Expedient followed expedient after that, and Cromwell- who had trained as a lawyer in his youth, his father's death had meant he inherited without finishing his degree- could think of no other means of holding the law of England together except that which it was already shaped around, a head of state- a king, or at most a placeholder for one. He had no plan and no platform, save blundering through.

A republican successor is somewhat pointless; the entire point of doing away with the king and listening to the extremists would be that the system changes. There would be a new parliament called, on the expanded franchise as insisted on by the Levellers, and who that would elect- who knows?

Bet on Ned Ludlow, maybe. He was one of the few Levelling- minded men who remained on good terms with Cromwell, his second in command in Ireland (which was a popular cause in England at the time, now matter how immoral the facts on the ground call it out as being), and a politician and a survivor. He would be a good bet for the second Lord Protector of the Commonwealth, and the first Protector to actually be elected.
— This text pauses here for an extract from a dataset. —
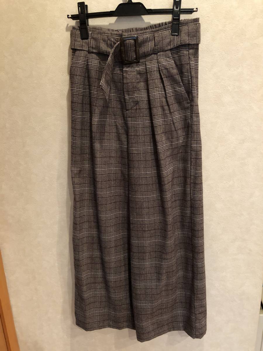 美品・しまむら・ワイドパンツ・グレンチェック柄・リボンベルト付き・サイズM・茶系・300円
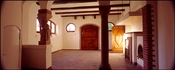 Interiør fra ankomstrummet med den brede tofløjede hoveddør og trappen der fører ned til landkøkkenet.

Butterflies, though. Look at the Anglo- Dutch Wars, intervention in the fronde. England was a military republic, and would have it's wars- so much of Charles II's reign happened the way it did because he was locked into a course started by the commonwealth, not the other way around; which he tried to mitigate and bring to a neat end, but could not quite achieve.

That would only continue and intensify. You're as likely to get a Second Hundred Years' War.